Data extracted from a collection →
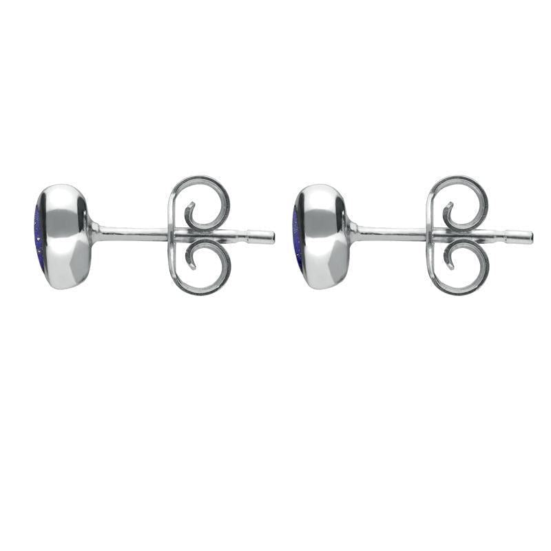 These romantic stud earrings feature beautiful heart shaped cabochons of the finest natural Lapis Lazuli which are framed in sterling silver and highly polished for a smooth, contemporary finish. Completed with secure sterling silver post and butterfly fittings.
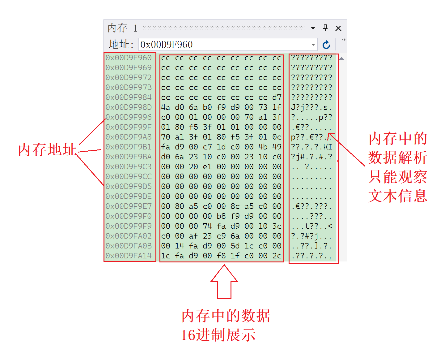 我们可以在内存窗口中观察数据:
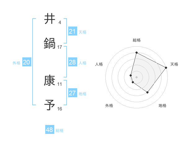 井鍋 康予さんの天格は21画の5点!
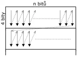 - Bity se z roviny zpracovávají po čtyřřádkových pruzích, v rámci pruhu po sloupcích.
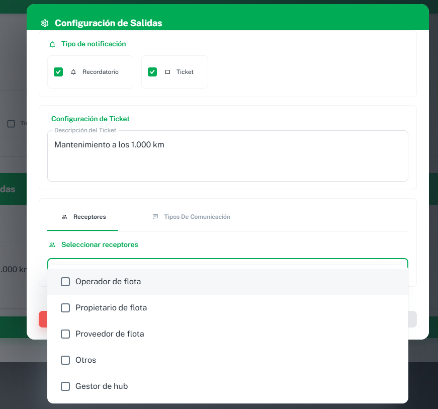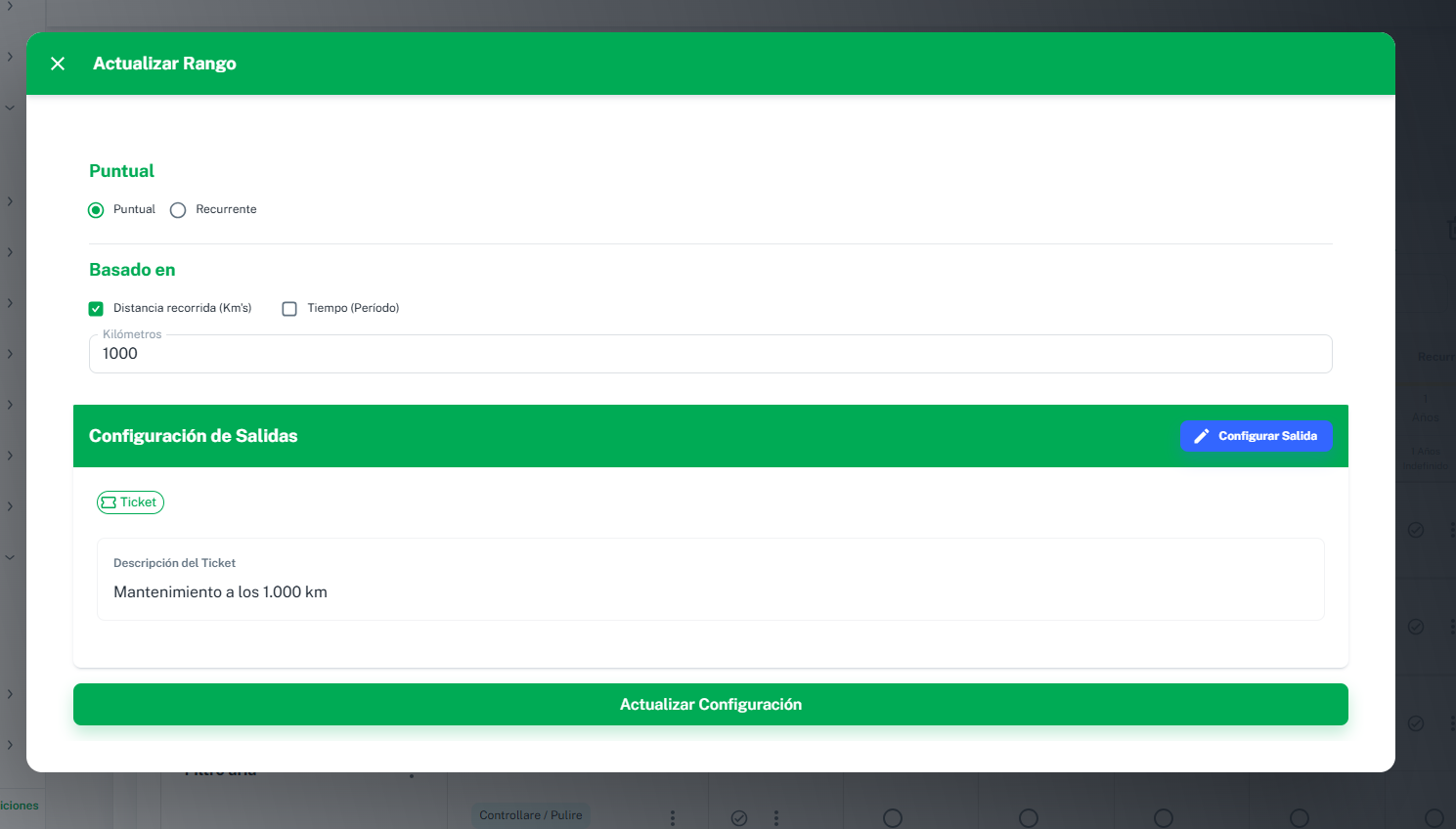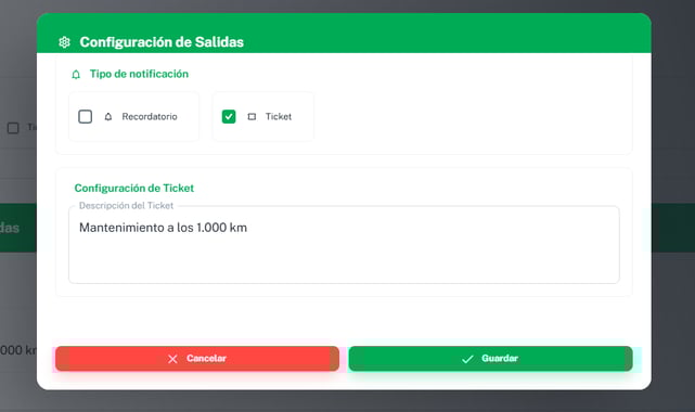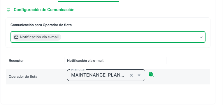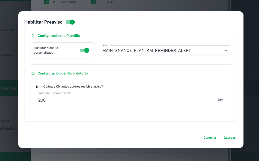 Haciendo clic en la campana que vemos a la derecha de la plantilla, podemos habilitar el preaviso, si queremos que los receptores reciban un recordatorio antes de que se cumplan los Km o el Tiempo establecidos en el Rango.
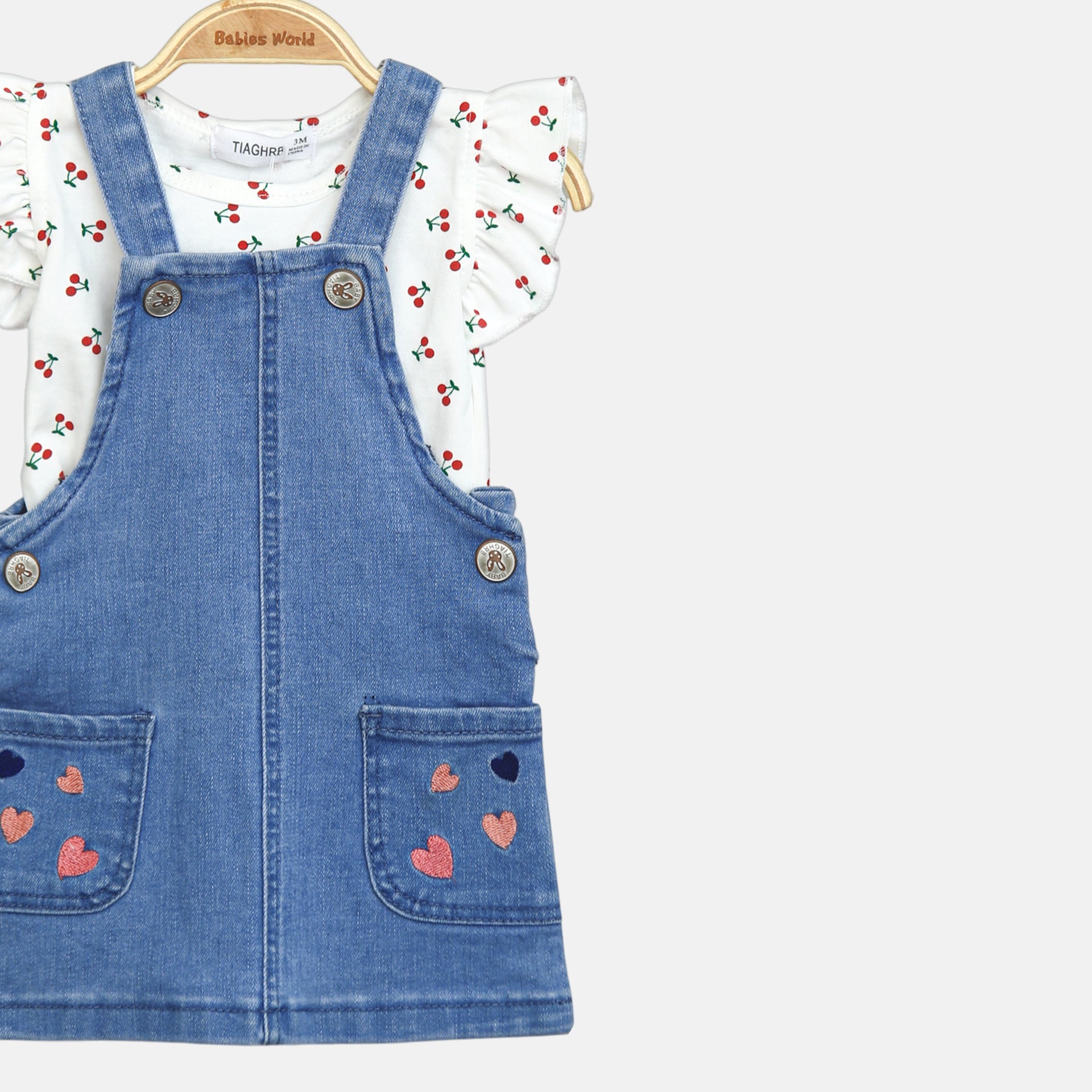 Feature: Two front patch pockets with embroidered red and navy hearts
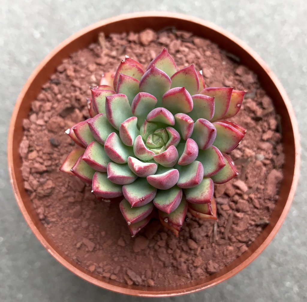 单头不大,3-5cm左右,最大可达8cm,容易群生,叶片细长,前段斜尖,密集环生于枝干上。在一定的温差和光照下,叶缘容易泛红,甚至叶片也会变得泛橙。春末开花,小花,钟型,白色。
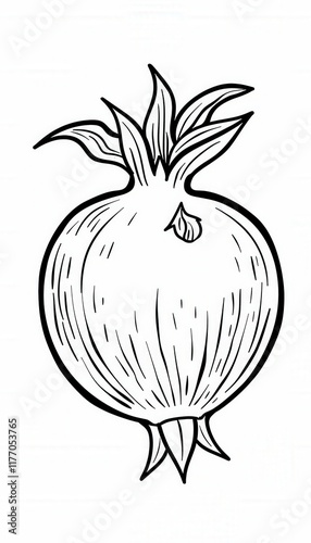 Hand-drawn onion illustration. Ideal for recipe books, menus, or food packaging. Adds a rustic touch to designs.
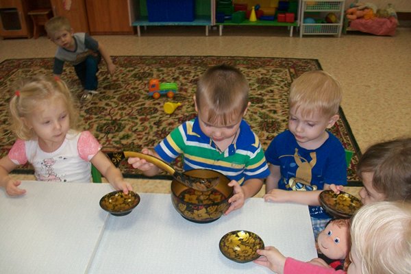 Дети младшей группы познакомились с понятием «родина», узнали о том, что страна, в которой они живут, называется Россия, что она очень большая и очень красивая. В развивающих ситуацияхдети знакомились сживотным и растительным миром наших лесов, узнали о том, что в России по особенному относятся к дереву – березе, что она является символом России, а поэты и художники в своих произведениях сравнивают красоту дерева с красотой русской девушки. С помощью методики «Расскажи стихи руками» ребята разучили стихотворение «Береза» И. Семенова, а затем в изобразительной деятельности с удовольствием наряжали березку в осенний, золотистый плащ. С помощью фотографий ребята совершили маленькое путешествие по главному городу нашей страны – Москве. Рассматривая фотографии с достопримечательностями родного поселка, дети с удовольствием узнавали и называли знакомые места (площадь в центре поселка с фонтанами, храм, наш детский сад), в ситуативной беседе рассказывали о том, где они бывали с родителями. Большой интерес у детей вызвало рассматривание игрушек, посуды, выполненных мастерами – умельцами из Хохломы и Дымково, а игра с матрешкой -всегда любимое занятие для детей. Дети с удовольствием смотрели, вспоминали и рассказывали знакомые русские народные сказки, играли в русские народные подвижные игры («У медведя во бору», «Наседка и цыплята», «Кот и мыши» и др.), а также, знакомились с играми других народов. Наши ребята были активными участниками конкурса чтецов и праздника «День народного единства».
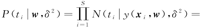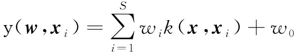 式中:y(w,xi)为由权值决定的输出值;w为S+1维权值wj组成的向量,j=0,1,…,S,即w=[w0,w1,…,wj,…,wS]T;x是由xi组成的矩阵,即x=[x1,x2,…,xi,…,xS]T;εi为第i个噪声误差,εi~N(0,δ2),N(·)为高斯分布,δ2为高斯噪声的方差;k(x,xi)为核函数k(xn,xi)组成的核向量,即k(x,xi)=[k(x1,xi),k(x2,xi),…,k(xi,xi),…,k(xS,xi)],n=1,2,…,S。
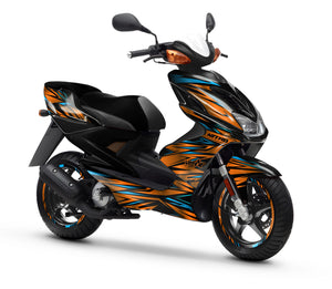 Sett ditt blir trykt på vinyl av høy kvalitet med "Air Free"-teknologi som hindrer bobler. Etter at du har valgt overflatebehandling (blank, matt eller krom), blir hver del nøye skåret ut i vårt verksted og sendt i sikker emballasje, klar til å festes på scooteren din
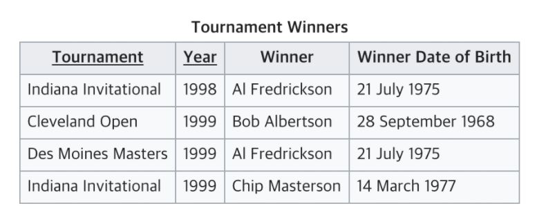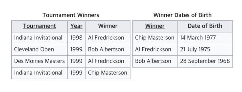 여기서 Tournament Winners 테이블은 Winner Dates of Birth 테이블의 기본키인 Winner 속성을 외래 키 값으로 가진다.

What you should do →
Omit the pictures and restate the rest of the records verbatim.

Task response →
 These romantic stud earrings feature beautiful heart shaped cabochons of the finest natural Lapis Lazuli which are framed in sterling silver and highly polished for a smooth, contemporary finish. Completed with secure sterling silver post and butterfly fittings.
 我们可以在内存窗口中观察数据:
 井鍋 康予さんの天格は21画の5点!
 - Bity se z roviny zpracovávají po čtyřřádkových pruzích, v rámci pruhu po sloupcích.
 Haciendo clic en la campana que vemos a la derecha de la plantilla, podemos habilitar el preaviso, si queremos que los receptores reciban un recordatorio antes de que se cumplan los Km o el Tiempo establecidos en el Rango.
 Feature: Two front patch pockets with embroidered red and navy hearts
 单头不大,3-5cm左右,最大可达8cm,容易群生,叶片细长,前段斜尖,密集环生于枝干上。在一定的温差和光照下,叶缘容易泛红,甚至叶片也会变得泛橙。春末开花,小花,钟型,白色。
 Hand-drawn onion illustration. Ideal for recipe books, menus, or food packaging. Adds a rustic touch to designs.
 Дети младшей группы познакомились с понятием «родина», узнали о том, что страна, в которой они живут, называется Россия, что она очень большая и очень красивая. В развивающих ситуацияхдети знакомились сживотным и растительным миром наших лесов, узнали о том, что в России по особенному относятся к дереву – березе, что она является символом России, а поэты и художники в своих произведениях сравнивают красоту дерева с красотой русской девушки. С помощью методики «Расскажи стихи руками» ребята разучили стихотворение «Береза» И. Семенова, а затем в изобразительной деятельности с удовольствием наряжали березку в осенний, золотистый плащ. С помощью фотографий ребята совершили маленькое путешествие по главному городу нашей страны – Москве. Рассматривая фотографии с достопримечательностями родного поселка, дети с удовольствием узнавали и называли знакомые места (площадь в центре поселка с фонтанами, храм, наш детский сад), в ситуативной беседе рассказывали о том, где они бывали с родителями. Большой интерес у детей вызвало рассматривание игрушек, посуды, выполненных мастерами – умельцами из Хохломы и Дымково, а игра с матрешкой -всегда любимое занятие для детей. Дети с удовольствием смотрели, вспоминали и рассказывали знакомые русские народные сказки, играли в русские народные подвижные игры («У медведя во бору», «Наседка и цыплята», «Кот и мыши» и др.), а также, знакомились с играми других народов. Наши ребята были активными участниками конкурса чтецов и праздника «День народного единства».
 式中:y(w,xi)为由权值决定的输出值;w为S+1维权值wj组成的向量,j=0,1,…,S,即w=[w0,w1,…,wj,…,wS]T;x是由xi组成的矩阵,即x=[x1,x2,…,xi,…,xS]T;εi为第i个噪声误差,εi~N(0,δ2),N(·)为高斯分布,δ2为高斯噪声的方差;k(x,xi)为核函数k(xn,xi)组成的核向量,即k(x,xi)=[k(x1,xi),k(x2,xi),…,k(xi,xi),…,k(xS,xi)],n=1,2,…,S。
 Sett ditt blir trykt på vinyl av høy kvalitet med "Air Free"-teknologi som hindrer bobler. Etter at du har valgt overflatebehandling (blank, matt eller krom), blir hver del nøye skåret ut i vårt verksted og sendt i sikker emballasje, klar til å festes på scooteren din
 여기서 Tournament Winners 테이블은 Winner Dates of Birth 테이블의 기본키인 Winner 속성을 외래 키 값으로 가진다.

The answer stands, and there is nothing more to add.